Nor are there specific data on the cell surface receptors for GV, although various studies have demonstrated significant differences in the binding capacity and cytotoxicity between the pathogenic and non-pathogenic strains of this microorganism.30,31 Various GV ecotypes are capable of altering the adhesion of Lactobacillus, measured by cell-surface glycosaminoglycans, thanks to the production of glycosidases which degrade these receptors.31,32 In addition, the production of sialidases and vaginolysin is capable of altering the epithelial cells, therefore affecting the bound microbiota.33 Furthermore, lactobacilli are capable of affecting both the binding and the internalisation of GV, interfering with its pili and with fibronectin-binding proteins.30

How does the protection and alteration of the vaginal ecosystem occur?

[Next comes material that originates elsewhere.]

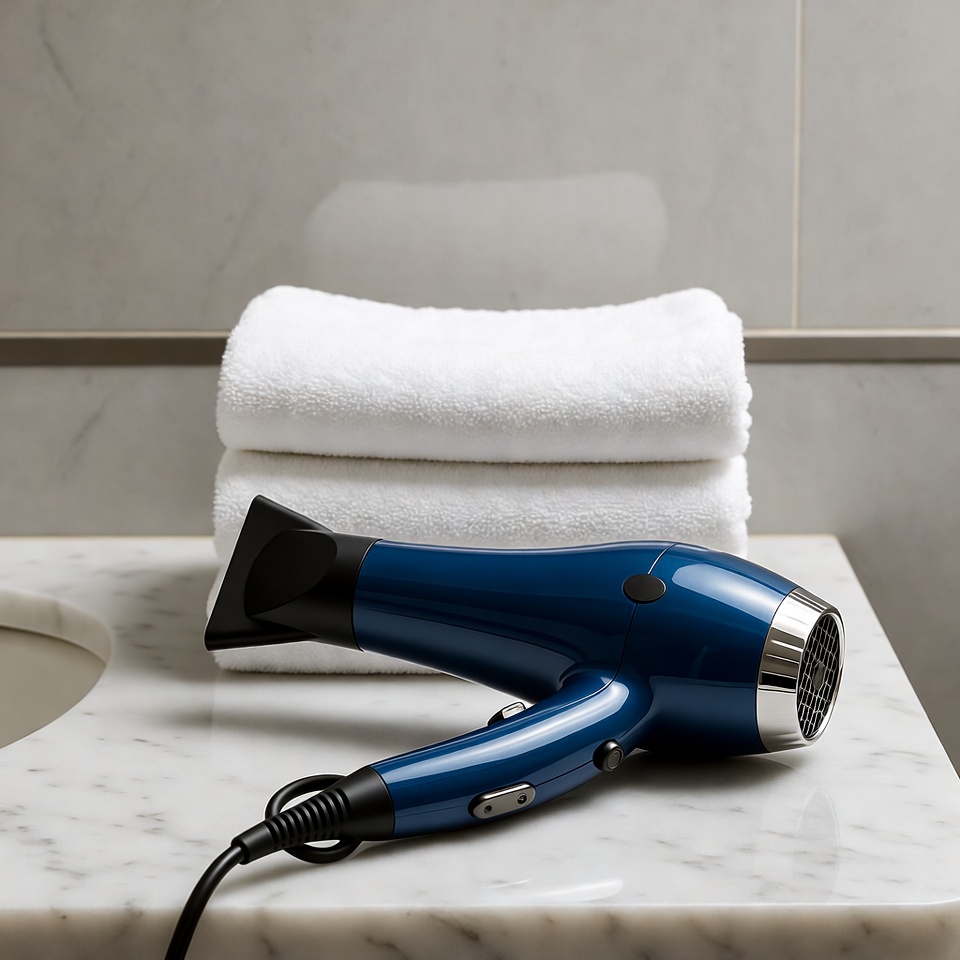 Blue Hair Dryer on Bathroom Counter

Lactobacilli play a key role in the protection of the vaginal mucosa and in the inhibition of colonisation by pathogenic bacteria through a series of mechanisms1:

  • (a)

    Adhesion to glycolipid receptors on the surface of vaginal epithelial cells. The presence of high volumes of Lactobacillus inoculum in the vaginal discharge of healthy premenopausal women (107–108CFU/g) prevents the binding of genitourinary pathogens to these receptors by means of a competitive exclusion mechanism.

  • (b)

    Coaggregation of Lactobacillus with pathogens and autoaggregation or quorum sensing.

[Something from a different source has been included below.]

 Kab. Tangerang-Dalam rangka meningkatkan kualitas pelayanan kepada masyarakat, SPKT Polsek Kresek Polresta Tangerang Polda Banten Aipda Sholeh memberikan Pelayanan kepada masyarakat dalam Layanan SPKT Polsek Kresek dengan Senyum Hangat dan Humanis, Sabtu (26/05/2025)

Both mechanisms contribute to the formation of the biofilm in a healthy vagina and to the inhibition of the growth of pathogens. In a study of three vaginal populations of lactobacilli (Lactobacillus acidophilus, L. gasseri and L. jensenii), the autoaggregation ability measured by surface proteins or lipoproteins was demonstrated. In addition, the three strains adhered strongly to vaginal epithelial cells by glycoproteins (L. acidophilus and L. gasseri) and carbon hydrates (L. jensenii), while the lactobacilli recovered from other sources, such as dairy products, adhere in significantly lower numbers, which indicates that adherence is an idiosyncratic property of vaginal lactobacilli.34

  • (c)

    Vaginal acidification with the production of lactic acid. Metabolomic studies24 have observed the production of lactic acid, acetic acid, glycerol and others in a healthy vagina, while in BV there is 2-hydroxyvalerate, gamma-hydroxybutyrate or succinate. A diagnostic test could be developed to detect gamma-hydroxybutyrate in vaginal swabs with an elevated pH.

  • (d)

    The production of H2O2, bacteriocins and biosurfactants contributes to the inhibition of the growth of some pathogens.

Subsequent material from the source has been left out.